This beet pasta was great.
How to make:
Wet stuff
6.0 oz raw beets, diced then cooked in microwave (short cooking w/ no water reduces loss of water-soluble and heat-sensitive vitamins)
3.5 oz eggs (2 med)
0.5 tsp salt
1.5 tsp olive oil
Liquified via 5 sec in blender (Vitamix - short blending reduces oxidation loss of vitamins)
Dry stuff
13.5 oz raw beets (1 jumbo beet), sliced, dehydrated (use low or no heat in the dehydrator for 12-18 hours) then blendered to 1.8 oz beet powder (leave the blender lid on until the beet dust settles down)
8.5 oz white flour, which is 2.25 cup
Knead throughly in mixer, to develop maximum gluten and get dough that while a little soft and on the sticky side, forms a dough ball. Dust with flour and wrap in plastic to refrigerate 1/2 hour.

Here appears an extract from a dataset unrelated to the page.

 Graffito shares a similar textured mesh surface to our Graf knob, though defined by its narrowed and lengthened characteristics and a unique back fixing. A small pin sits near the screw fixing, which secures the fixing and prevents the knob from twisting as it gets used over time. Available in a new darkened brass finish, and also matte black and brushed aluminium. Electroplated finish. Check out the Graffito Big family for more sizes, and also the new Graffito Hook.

The resulting dough is 62% beets, by starting raw weight!
It is a little harder to work with than standard pasta dough, being stickier, a little less elastic, and a little more grainy. But with a little flour dusting, it rolled through my pasta machine, requiring just a little more care (I couldn’t skip thickness steps like I do with standard pasta dough), and wide fettucine was easy - thin spaghetti might be harder, and not sure if it will extrude well.

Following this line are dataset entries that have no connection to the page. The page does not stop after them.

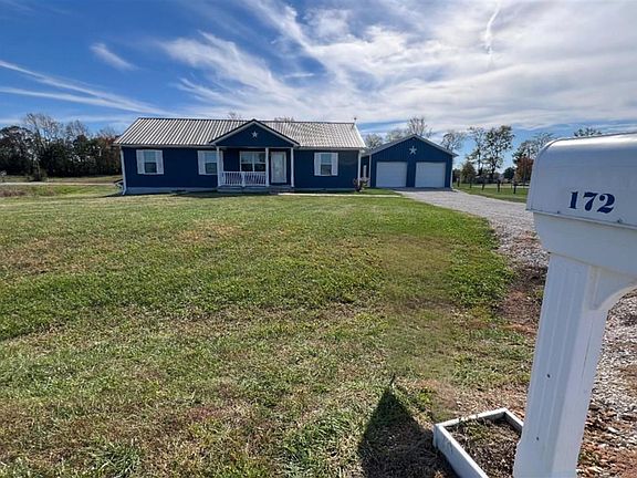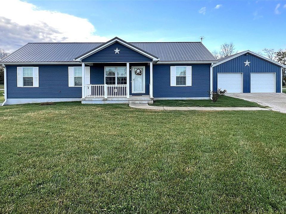 Compare this like new home to new construction and be amazed at the extra value found here. Custom built 3 bedroom 2.5 bath home has many upgrades not typically found in new construction costing tens of thousands more: pantry cabinet, kitchen island, soft touch light switches, upgraded outlets, double hung windows and upgraded exterior vinyl siding to name a few. Besides the abundant interior living space the floor plan features 2 ensuites! Interior features include a living room, kitchen with stove, refrigerator, dishwasher, microwave and work island too! Enjoy your dining area, 3 bedrooms, 2.5 baths, family room, and laundry room with sink. Comfort provided by central heat and air. Utilities include county water, septic system and KU Electric. Other extras include: multiple ceiling fans, solid wood interior doors, walk-in closets, walk-in tub in each bath(one is jetted) 10' x 12' covered side patio with ramped entrance between family room and the garage, luxury vinyl plank flooring throughout, 8' x16' covered front porch, metal roof with 6” gutters, fenced rear yard, 14' x 28' partial basement with electric. The detached metal garage/workshop measures 28' x 30' has 2 oversized automatic opener garage doors plus rear utility door. It also has electricity and concrete floor. Excellent location being close to I-65 Interstate and BlueOvalSK plant. This home features a 1 year Home Buyer warranty for your peace of mind and is in move-in condition. Seller is a licensed real estate agent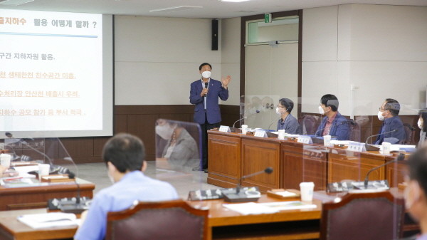 향후 장상지구가 들어서면 종말처리를 거친 하수가 안산천으로 흘러 들어오게 돼 있어, 지하수로 유량을 늘리는 것이 수질 유지에 도움이 된다는 사실 또한 언급했다. 그는 이같이 신안산선 공사 유출지하수를 활용하는 방식을 통해 환경부 주관의 ‘유출지하수 활용 시범사업 공모’에 나설 필요가 있다고도 했다.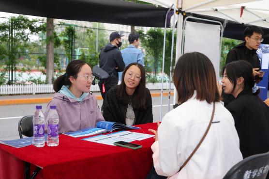 在实习工作了解区,北京米穗科技有限公司、北京智谱华章科技有限公司、北京澜景科技有限公司、北京中科闻歌科技股份有限公司展示了公司最新科技产品和项目成果。同学们纷纷驻足交流,了解今天六合彩结果与产品技术,了解实习工作机会,并投递简历,为未来职业规划提供参考。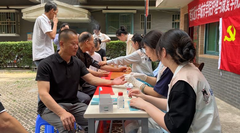 在富平熾熱的陽光下,我們的義診區(qū)前流淌著別樣的溫暖。白大褂成為最親切的風(fēng)景,血糖儀連接起跨越年齡的信任。俯身為老人測量血壓時(shí),總會(huì)不自覺放慢語速,將專業(yè)術(shù)語化作"日,嵥"的叮嚀。當(dāng)聽到奶奶顫巍巍地說"今天我可太幸福了,多了這么多孫子孫女"時(shí),眼眶突然就濕潤了。當(dāng)看到小區(qū)負(fù)責(zé)人頂著烈日為我們送來冰涼的礦泉水時(shí)。指間的涼意直擊心靈深處,當(dāng)聽到中醫(yī)耳貼區(qū)傳來陣陣笑聲,銀發(fā)阿姨們像小姑娘一樣和我們一起暢聊,平靜的語氣里藏著動(dòng)聽的話。就像那些不期而遇的溫暖,總能恰到好處地沁人心田。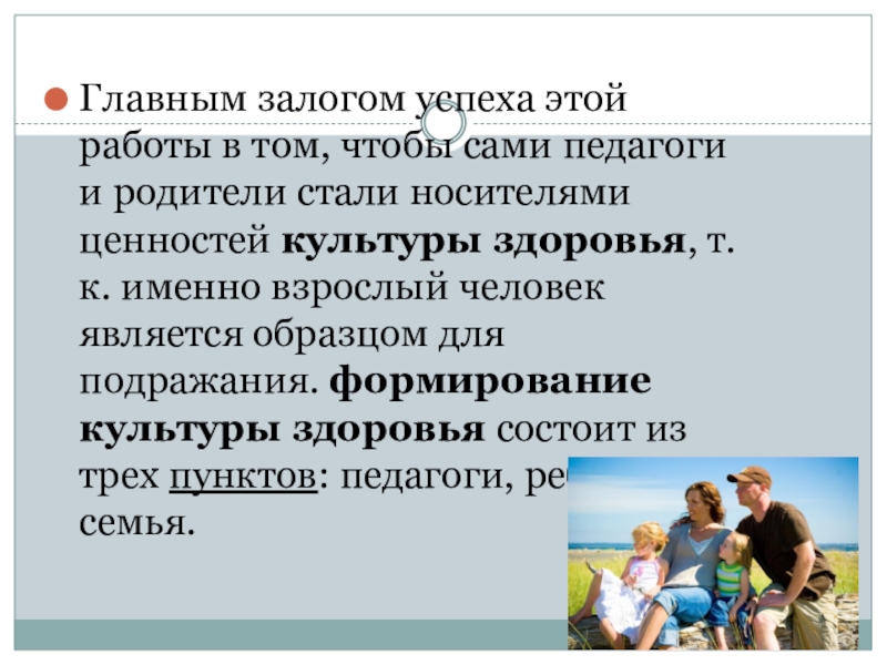 родители стали носителями ценностей культуры здоровья, т. к. именно взрослый человек является образцом для подражания. формирование культуры здоровья состоит из трех пунктов: педагоги, ребёнок, семья.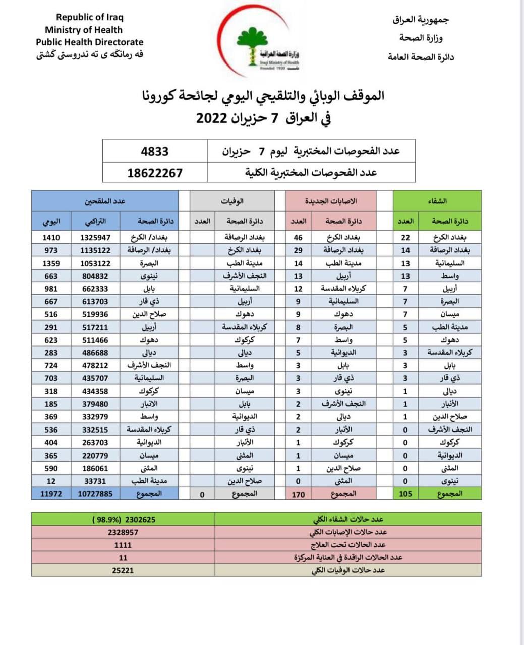 وقالت الوزارة، في بيان تلقته الرشيد، أنه “تم تسجيل 170 إصابة جديدة بفيروس كورونا، و 105 حالة شفاء من المرض، دون وفيات”.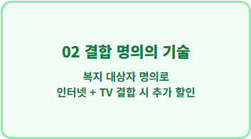 가족 중 한 명이라도 복지 감면 대상자라면, 해당 회선을 중심으로 인터넷과 TV를 묶으세요. 감면 대상자 명의로 결합 상품을 가입할 경우 추가적인 요금 할인이 발생합니다.

The uncooked noodles are dull dark red-brown, but the cooked noodles are brighter and redder. About 3 minutes cooking at a rolling boil in salted water, using a wooden spoon to gently stir out any clumps.
The 62% beet pasta was very well received. It had the tooth and springyness of fresh pasta, just a bit of sweetness but not a notable ”beety” flavor, held sauce well (here, a garlic-parmesan-olive oil quick sauce), and was just yummy.
Shown here with the 36% spinach pasta from round one of the experiments, and a conventional dry pasta. Looks Italian, no?
It’s cool to stuff your face with pasta and have it actually be > 60% vegetables. I think this process would work with any vegetable - spinach, etc.